-- DATA LISTING follows --

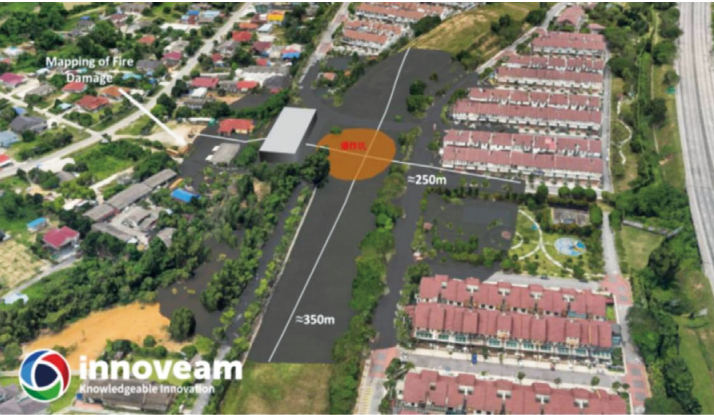 2025年4月1日上午约8点10分,马来西亚国家石油和天然气公司(Petronas)所辖的一天然气管道发生泄漏爆炸事故并引发大火,事故发生在马来西亚雪兰莪州蒲种市,火焰高达30 m,有目击者称火柱数百米、形成蘑菇状火球,远在数公里外清晰可见,爆炸中心附近温度高达约1000℃。事故未造成人员死亡,约150人受伤,67人住院治疗;爆炸半径325 m范围内的439套房屋中219套房屋受到了不同程度的损坏,其中87套严重焚毁,132套房屋受损或成为危楼(图 1)。275辆汽车和56辆摩托车被毁。事故造成经济损失估计在6430万令吉(约1460万美元)。警方对事故现场周边500 m范围进行了管控并对管控范围内的500余人进行了疏散。
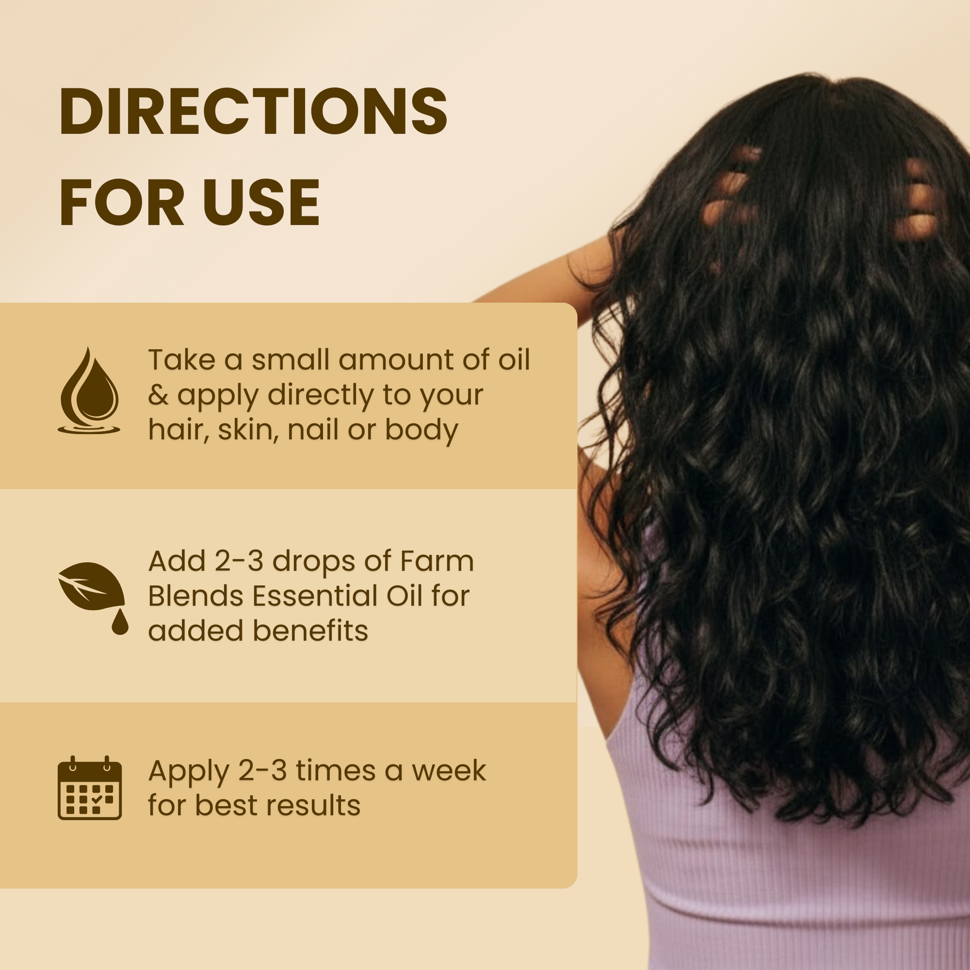 • For Hair: Promotes stronger roots, stimulates growth, and helps prevent premature greying and hair fall while enhancing natural shine and smoothness.
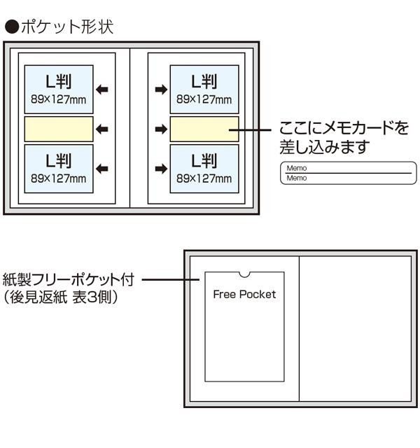 | 仕様 | ■印刷ポリプロピレン貼表紙 ■台紙:紙製L判2段ポケットポイントシール台紙×40枚 ■写真収納枚数:L判160枚 ■背丸ブック式製本 ■フリーポケット付 |
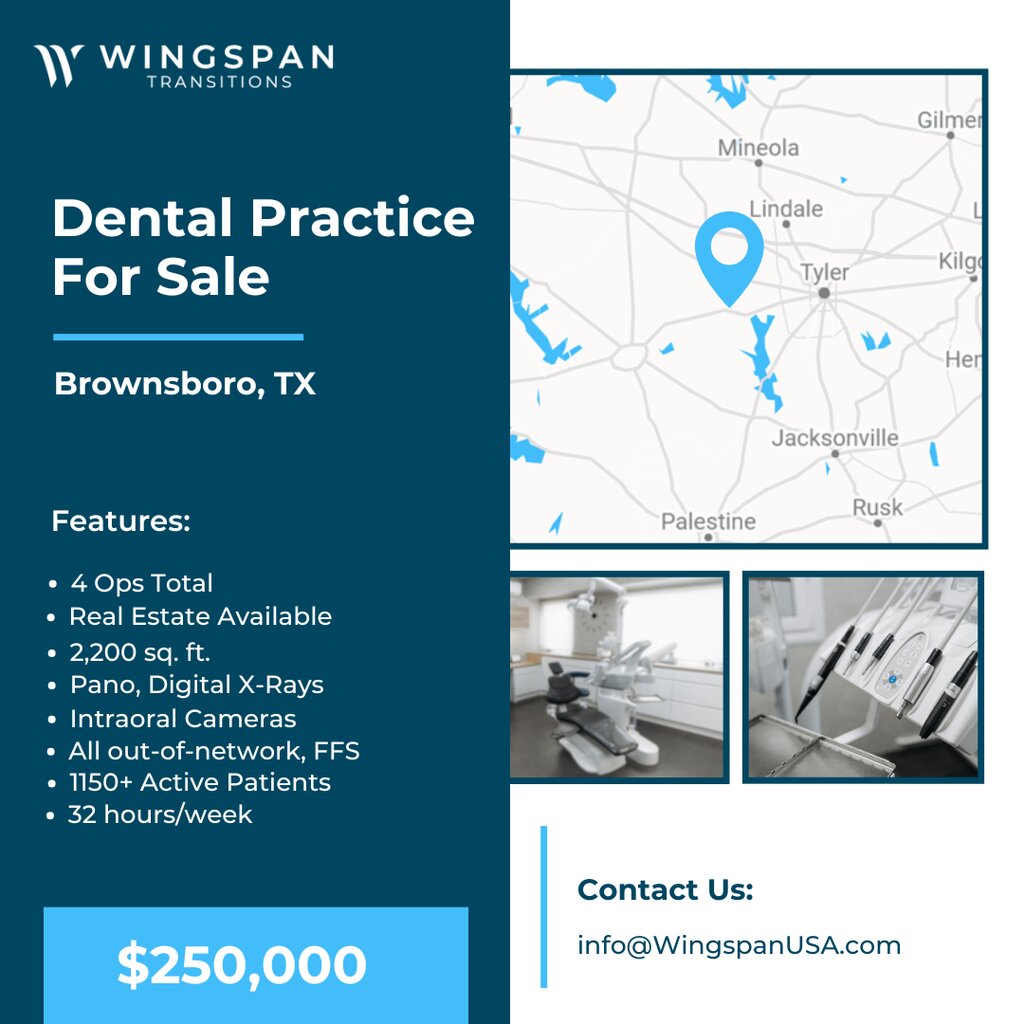 General Dental Practice Brownsboro, Texas FOR SALE $250,000 – Real Estate is available in addition to the practice for $375,000, stand alone, office is approx. 2,200 sq ft, 4 ops equipped. Practice has been established for over 30 years. The office is presently open about 32 hours/week and using Eaglesoft. Technology includes: Pano, digital x-rays, and Intraoral Cameras; all equipment is in great condition. Patient base all out of network, no insurance contracts, no Medicaid, no DMO with 1150+ active patients. Interested in learning more? Our sellers require a signed NDA before we can share practice details. To get started, simply complete a Buyer Form and NDA at wingspantransitions.com/buyer-form. This only needs to be done once every six months. If you’ve already completed this within that timeframe, just email info@WingspanUSA.com or text us with your name and the listing you're interested in — we’ll verify your profile and NDA are active and send the details your way. Our goal is to respond within one business day. Listing 1031-AN
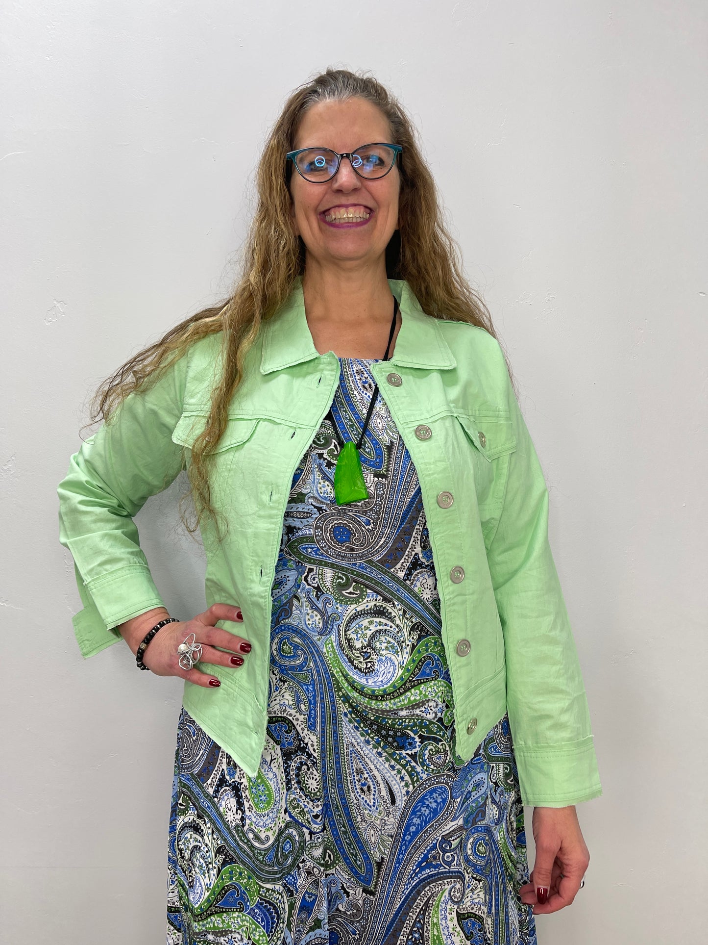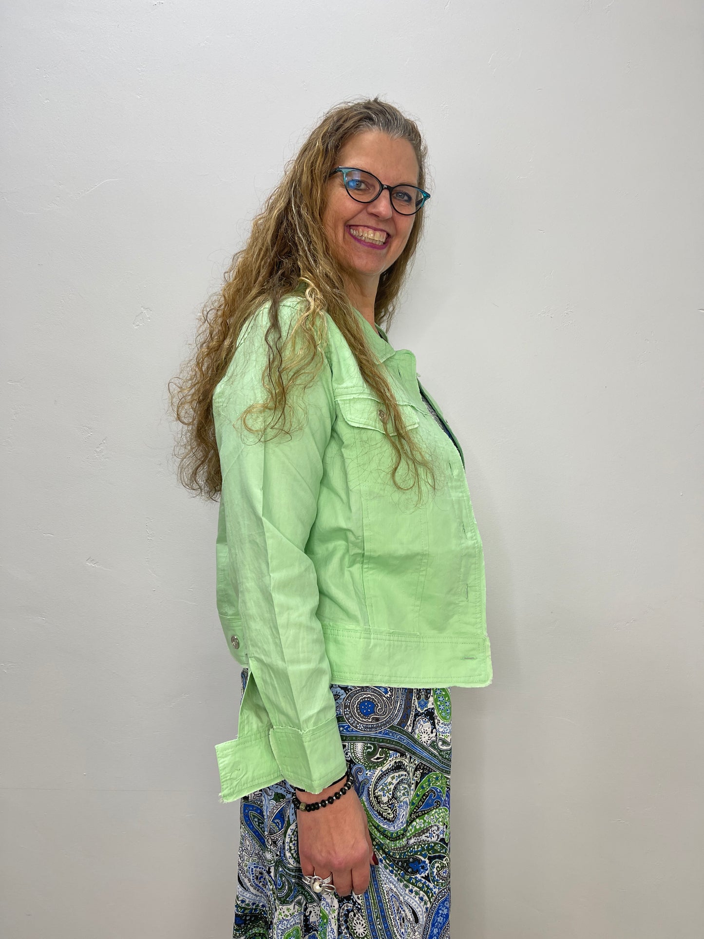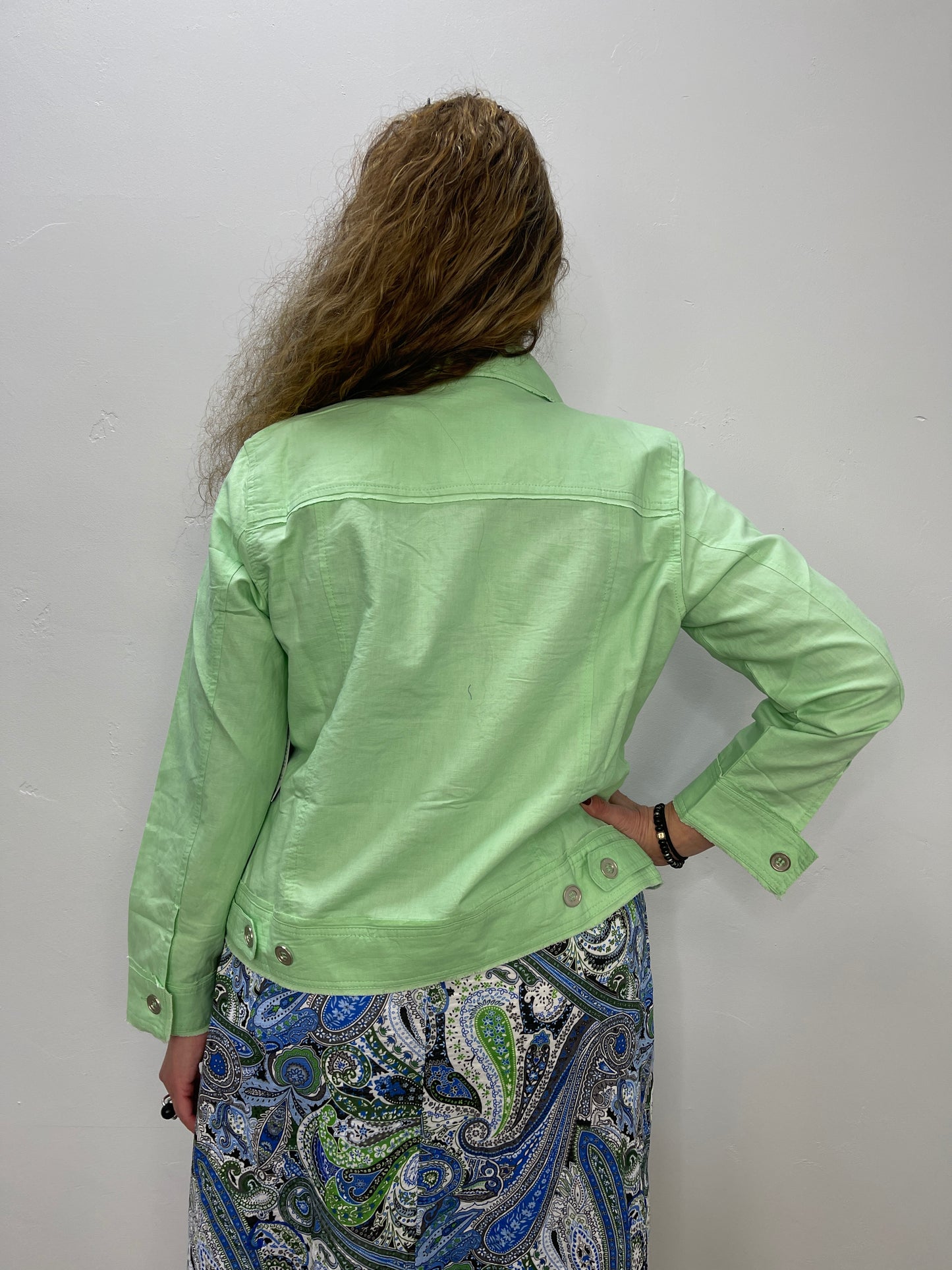 100% Linen Mint Green Collared Button Down Jacket
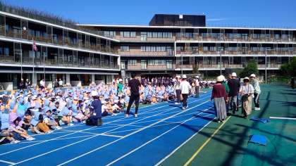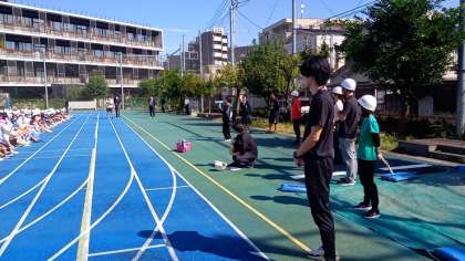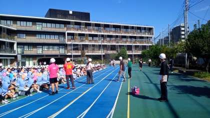 中学校の副校長先生の話では、地震で避難する場合と火事で避難する場合の避難行動の違いについての話がありました。また、児童・生徒の代表の言葉で、小学校は放送委員会委員長が話をしました。
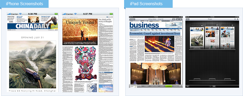這款產品以電子版形式,在iPhone與iPad上呈現《中國日報》當天全部內容的紙媒版式設計。產品融合了新媒體的閱讀體驗,如可以調整字體大小,與好友分享內容,音頻讀報等。產品的推出大大方便了那些喜歡紙媒體驗而又接觸不到印刷版《中國日報》的用戶。
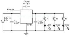 AP3008的应用电路如图3所示。该电路的一个特点是在输入3.2V时,它可以驱动4个白色LED,输出电流最大可达20mA;在输入5V时,它可以驱动6个白色LED,输出电流最大可达20mA,其转换效率如图4所示,在ILED=15mA时,效率可达83%。
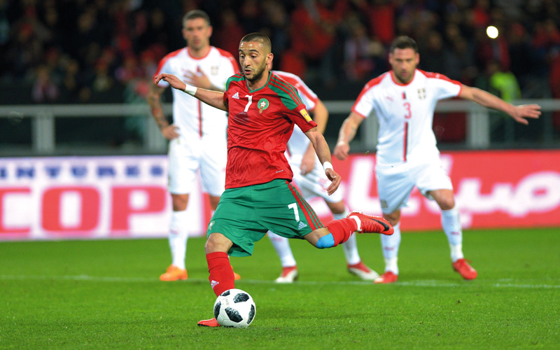 زياش سجل الهدف الأول للمغرب من ركلة جزاء.. وصنع الثاني أمام صربيا. رويترز

-- DATA LISTING concluded --

EXERCISE PROMPT: No pictures belong in the output. It should reproduce exactly the lines from the one containing "仕様 | ■印刷ポリプロピレン貼表紙" through the end of the data, both ends included.

TASK ANSWER:
 | 仕様 | ■印刷ポリプロピレン貼表紙 ■台紙:紙製L判2段ポケットポイントシール台紙×40枚 ■写真収納枚数:L判160枚 ■背丸ブック式製本 ■フリーポケット付 |
 General Dental Practice Brownsboro, Texas FOR SALE $250,000 – Real Estate is available in addition to the practice for $375,000, stand alone, office is approx. 2,200 sq ft, 4 ops equipped. Practice has been established for over 30 years. The office is presently open about 32 hours/week and using Eaglesoft. Technology includes: Pano, digital x-rays, and Intraoral Cameras; all equipment is in great condition. Patient base all out of network, no insurance contracts, no Medicaid, no DMO with 1150+ active patients. Interested in learning more? Our sellers require a signed NDA before we can share practice details. To get started, simply complete a Buyer Form and NDA at wingspantransitions.com/buyer-form. This only needs to be done once every six months. If you’ve already completed this within that timeframe, just email info@WingspanUSA.com or text us with your name and the listing you're interested in — we’ll verify your profile and NDA are active and send the details your way. Our goal is to respond within one business day. Listing 1031-AN
 100% Linen Mint Green Collared Button Down Jacket
 中学校の副校長先生の話では、地震で避難する場合と火事で避難する場合の避難行動の違いについての話がありました。また、児童・生徒の代表の言葉で、小学校は放送委員会委員長が話をしました。
這款產品以電子版形式,在iPhone與iPad上呈現《中國日報》當天全部內容的紙媒版式設計。產品融合了新媒體的閱讀體驗,如可以調整字體大小,與好友分享內容,音頻讀報等。產品的推出大大方便了那些喜歡紙媒體驗而又接觸不到印刷版《中國日報》的用戶。
 AP3008的应用电路如图3所示。该电路的一个特点是在输入3.2V时,它可以驱动4个白色LED,输出电流最大可达20mA;在输入5V时,它可以驱动6个白色LED,输出电流最大可达20mA,其转换效率如图4所示,在ILED=15mA时,效率可达83%。
 زياش سجل الهدف الأول للمغرب من ركلة جزاء.. وصنع الثاني أمام صربيا. رويترز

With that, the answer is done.